20. An apparatus of video compression achieving high efficiency with low requirements of the image buffer density, I/O bandwidth and power consumption, comprising

an image sensor capturing the light and digitizing the pixel data;

a first block based image compression unit to reduce the data rate of the digitized image pixels and to save into the temporary frame buffer;

a referencing frame buffer storing at least one frame of pixels;

a block based decompression, color processing and color-space-conversion unit which recovers and produces pixels with YCrCb format for the operation of still image compression or motion video compression should YCrCb format is determined in compression; and

a second compression engine for reducing the data rate of the captured images directly from the image sensor or from the decompression unit which recovers the image from the temporary image buffer;

21. The apparatus of claim 20, wherein the second compression engine is a motion video compression engine to compress the video sequence frames.

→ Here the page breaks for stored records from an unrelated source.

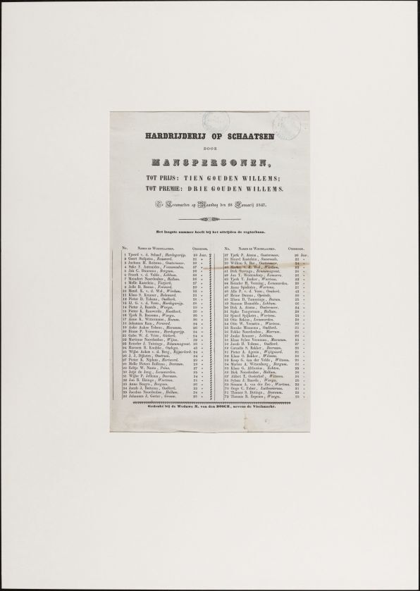 Hardrijderij op schaatsen door manspersonen te Leeuwarden op maandag den 18 januarij 1847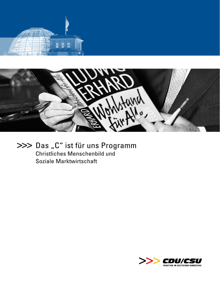 Das „C“ ist für uns Programm Christliches Menschenbild und Soziale Marktwirtschaft Vorwort >>> Christliches Menschenbild als Richtschnur für Wirtschaftsordnung D er Mensch ist, wie es im Galaterbrief des Apostel Paulus in der Bibel heißt, zur Freiheit geboren. Paulus mahnt die Christen aber auch zur Mitmenschlichkeit. Die Lasten soll die Gemeinschaft wirklich gemeinsam schultern. Jeder zur Freiheit Geborene soll für den anderen einstehen. Diese Gedanken können uns auch heute helfen, wenn wir über unsere Wirtschaftsordnung neu nachdenken. Die Wirtschafts- und Finanzkrise zwingt uns, den Blick zu weiten. Die Bundesrepublik konnte nur so erfolgreich sein, weil sie in ihrer Wirtschaftsordnung einen Mittelweg beschritten hat und die Leitlinien des christlichen Menschenbilds aufnahm, das Paulus im Galaterbrief beschrieben hat. Die Soziale Marktwirtschaft ist die Absage an kapitalistische Marktradikalität und sozialistische Entmündigung. Beides nimmt den Menschen ihre Freiheit und läuft dem Gedanken wirklicher Gemeinschaft zuwider. Unsere Aufgabe ist es nun, die Soziale Marktwirtschaft fortzuentwickeln. In unserem Land müssen wir vor allem jeden Menschen zur Freiheit befähigen. Das bedeutet, dass wir jedem Bürger – egal welcher Herkunft – eine wirkliche Chance geben müssen, sein Freiheitsrecht wahrzunehmen. Bildung ist dafür der Schlüssel. Wir müssen aber auch dafür werben, dass sich die Prinzipien der Sozialen Marktwirtschaft international durchsetzen. Denn gezügelte Märkte – gerade im Finanzbereich – sind die Voraussetzung für das Wohlergehen der Menschen in der neuen globalen Gemeinschaft. Im Februar 2011 hat die CDU/CSU-Bundestagsfraktion auf einem Kongress diese Fragen näher beleuchtet. Ich danke allen Teilnehmern dafür, dass sie ihre Beiträge für diese Broschüre aktualisiert haben. Die Überlegungen sind für unsere parlamentarische Tätigkeit äußerst wertvoll. Besonders hervorheben möchte ich die Kirchenbeauftragte der Fraktion, Maria Flachsbarth, die die „C“-Kongresse so hervorragend inhaltlich vorbereitet. 3 Volker Kauder MdB Vorsitzender der CDU/CSU-Bundestagsfraktion >>> Inhaltsverzeichnis >>> Das „C“ als Herausforderung – auch in der Sozialen Marktwirtschaft >>> Dr. Maria Flachsbarth Vorwort Volker Kauder 3 Christliches Menschenbild ist Grundlage und Selbstverpflichtung >>> Das „C“ als Herausforderung – auch in der Sozialen Marktwirtschaft Dr. Maria Flachsbarth 5 Soziale Marktwirtschaft auf Basis des „C“ – Wurzeln und Reformbedarf Dr. Dr. Anton Losinger 9 Öffentliche Kirche und Soziale Marktwirtschaft Prof. Dr. Heinrich Bedford-Strohm 19 Christliches Menschenbild im Zeitalter globaler Märkte Dr. Wolfgang Schäuble 23 Christliche Sozialethik – Impulsgeber für unsere heutige Sozialpolitik Ingrid Fischbach 27 Sozialstaat an seinen Grenzen? – Aufruf zur Eigenverantwortung Bartholomäus Kalb 31 Quo vadis Soziale Marktwirtschaft? – Fazit und Ausblick Peter Weiß 33 4 D as „C“ im Parteinamen zu tragen, ist eine Herausforderung, an der sich gerade die Politik unserer Fraktion messen lassen muss. Politik am christlichen Menschenbild auszurichten, kann nicht gelingen, wenn wir uns neben dem politischen Alltagsgeschäft nicht immer wieder auch unserer Grundlagen vergewissern. Die Veranstaltungsreihe „Das ‚C‘ ist für uns Programm“, die wir auf Initiative unseres Fraktionsvorsitzenden Volker Kauder durchführen, bietet uns dafür Gelegenheit. Die Grundsätze und ethischen Gewissheiten, auf die wir uns berufen, sind in einer religiös pluralen bzw. „religiös unmusikalischen“ Gesellschaft – um eine Formulierung von Jürgen Habermas aufzugreifen – für viele keine Selbstverständlichkeit mehr. Daher müssen vorpolitische Maßgaben unseres Zusammenlebens, die unserer Demokratie und auch dem Gestaltungsprinzip der Sozialen Marktwirtschaft zugrundeliegen, neu erklärt und für die Allgemeinheit verständlich gemacht werden. Diese Reflexion kann nicht im Alleingang gelingen: Wir freuen uns daher besonders über die Impulse der Vertreter der beiden großen Kirchen in unserer Veranstaltungsreihe. Darüber hinaus unterstreicht jeder einzelne der Teilnehmenden durch sein aktives Mitdenken und Mitdiskutieren, wie richtig und notwendig es ist, die Frage nach dem „C“ kontinuierlich wach zu halten. Das große Interesse, auf das die Frage nach der Bedeutung des christlichen Menschenbildes und der ethischen Grundsätze aus dem christlichjüdischen Erbe in unserer Politik stößt, zeigt uns, dass wir damit auf dem richtigen Weg sind. Für uns Christdemokraten und Christsoziale ist das „C“ im Parteinamen eine stete Selbstverpflichtung – das gilt auch und besonders mit Blick auf die Soziale Marktwirtschaft im nationalen Binnenraum wie auf globaler Ebene. 5 Dr. Maria Flachsbarth MdB Beauftragte für Kirchen und Religionsgemeinschaften der CDU/CSU-Bundestagsfraktion >>> Sittliche Grundsätze trotz angespannter Haushaltslage I n der politischen Entscheidungsfindung sind Kompromisse unumgänglich. Uns alle treibt die Frage um, wie wir dem Gemeinwohl angesichts der angespannten Haushaltslage gerecht werden können. Diese darf jedoch nicht zu einer Missachtung der sittlichen Grundsätze führen. So stellte schon 1949 einer der „Väter“ der Sozialen Marktwirtschaft, Alfred Müller-Armack, in seiner „Diagnose unserer Gegenwart“ fest: „Eine solche [Wirtschaftsordnung] kann nie aus dem Zweckdenken und überalterten politischen Ideen allein hervorgehen, sondern bedarf der tieferen Begründung durch sittliche Ideale, welche ihr erst die innere Berechtigung verleihen. Zwei großen sittlichen Zielen fühlen wir uns verpflichtet, der Freiheit und der sozialen Gerechtigkeit.” Wie kann eine verantwortungsvolle und nachhaltige Politik gestaltet werden, damit soziale Gerechtigkeit keine Worthülse bleibt? Wie können wir sicherstellen, dass politisches Handeln auch die Perspektive der kommenden Generationen in den Blick 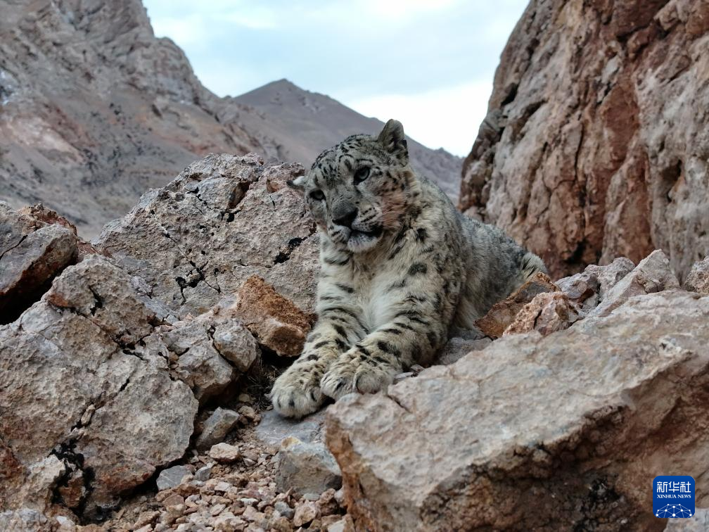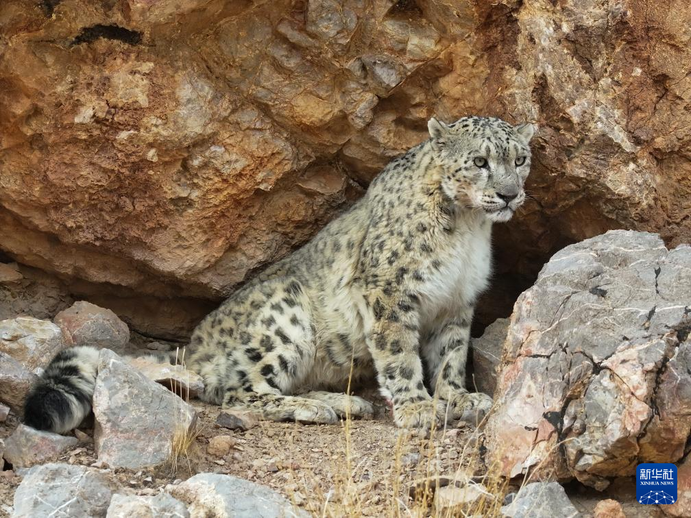 西藏阿里改則縣改則鎮(zhèn)玉多村附近巖山區(qū)域拍攝到的國家一級保護動物雪豹(4月18日攝)。新華社發(fā)(索朗仁青 攝)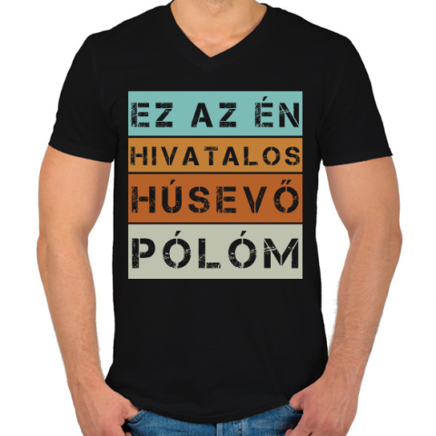 1 kép PRINTFASHION Hivatalos húsevő póló - Férfi V-nyakú póló - Fekete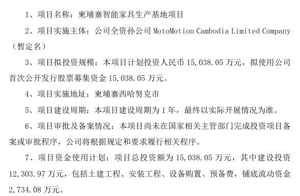 根据公告,匠心家居将通过在香港设立全资子公司“MotoMotion International Holdings Limited”作为投资路径,最终在柬埔寨设立全资孙公司“MotoMotion Cambodia Limited Company”实施该项目。项目建设周期为1年,计划形成年产20万套智能电动沙发、10万套智能电动床和20万套智能电动沙发/床配件的生产能力。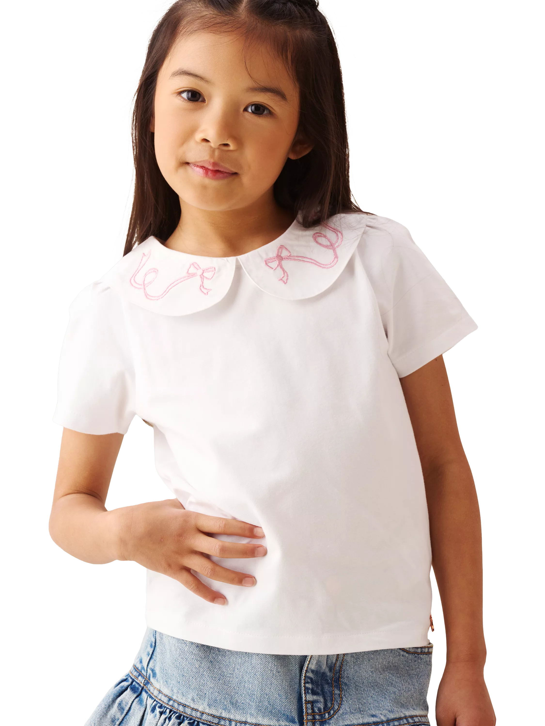 This classic jersey top is elevated with a Peter Pan collar embroidered with playful ribbon details.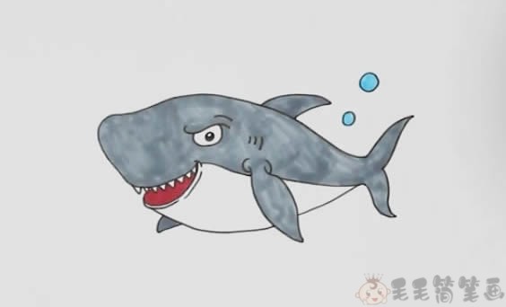 第三步:最后给鲨鱼涂上红红的大嘴巴,背部与鱼鳍都涂成灰色,一只凶猛的大鲨鱼简笔画就完成了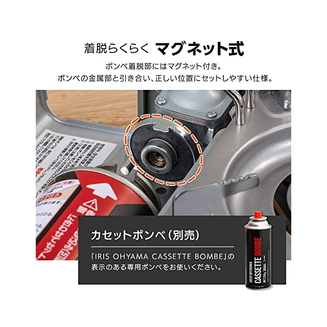 【安全に使える機能】ボンベの過熱を防ぐため、対応サイズ以上の鍋の仕様を防止するガード付き。また、圧力感知安全装置付きなので、万が一過熱した場合も内部の圧力が異常上昇すると自動的にボンベが外れて火が消えます。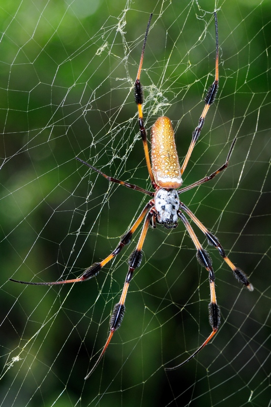 It is a Golden Silk Orbweaver (Nephila clavipes) and a beautiful representative of it’s species. The openness of the web made it possible to get both top and bottom from the same spider.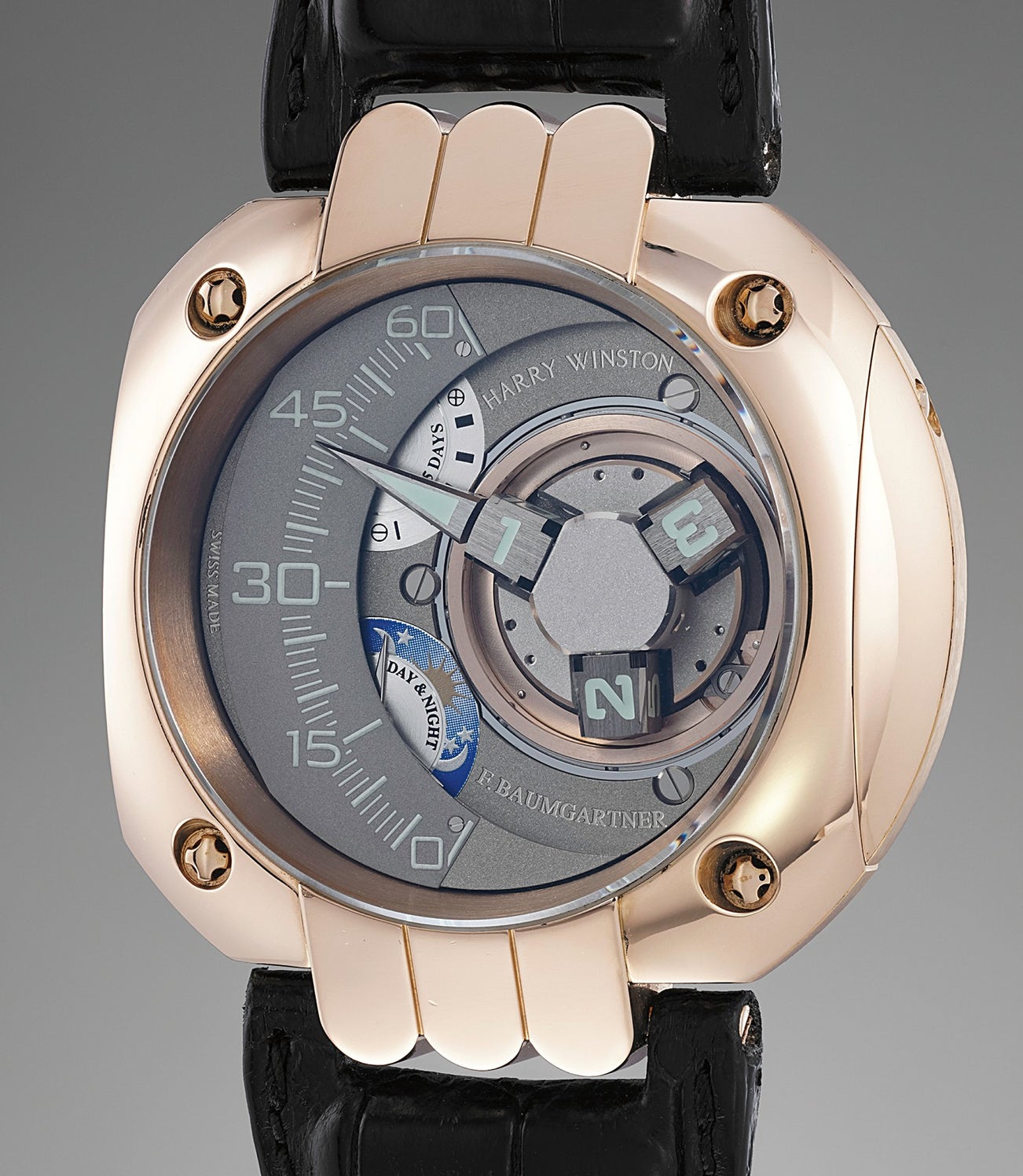 An impressive and rare limited edition pink gold wristwatch with three dimensional satellite hour display, retrograde minutes, five-day power reserve, day and night indication and five-year service indicator

22. The apparatus of claim 20, wherein the second compression engine is a still image compression engine to compress the captured image in the image sensor.

23. The apparatus of claim 20, wherein the referencing frame buffer stores at least one previous frame is made of on-chip SRAM or off-chip DRAM.

24. The apparatus of claim 20, wherein the decompression unit recovers the pixel data of the searching range within the referencing frame and saves into the searching range buffer for the best matching calculation in the motion estimation.

25. The apparatus of claim 20, wherein the engine with block based decompression, color processing and a color-space conversion operates for recovering raw pixel data, color processing of each pixel and converting the RGB to YCrCb format to fit the resolution and pixel format if YCrCb format is predetermined for the still image or motion video compression.

26. The apparatus of claim 20, wherein if the user decides to select the output with image format of one color per pixel, the block based color processing unit is bypassed and the still image or motion video compression engine directly receives the digitized raw pixel data and compresses them with the format of one color component per pixel.

27. The apparatus of claim 20, wherein the motion estimator searches for the best matching by calculating the SAD or MAD values of the digitized image data with one color component per pixel.

28. The apparatus of claim 20, wherein a DSP engine is integrated with the image sensor on the same semiconductor die to function as the compression and decompression engine as well as the color processing and color-space conversion functions.

29. The apparatus of claim 20, wherein a CPU is integrated with the image sensor on the same semiconductor die to controller the data flow of the whole system of the video compression, decompression and display.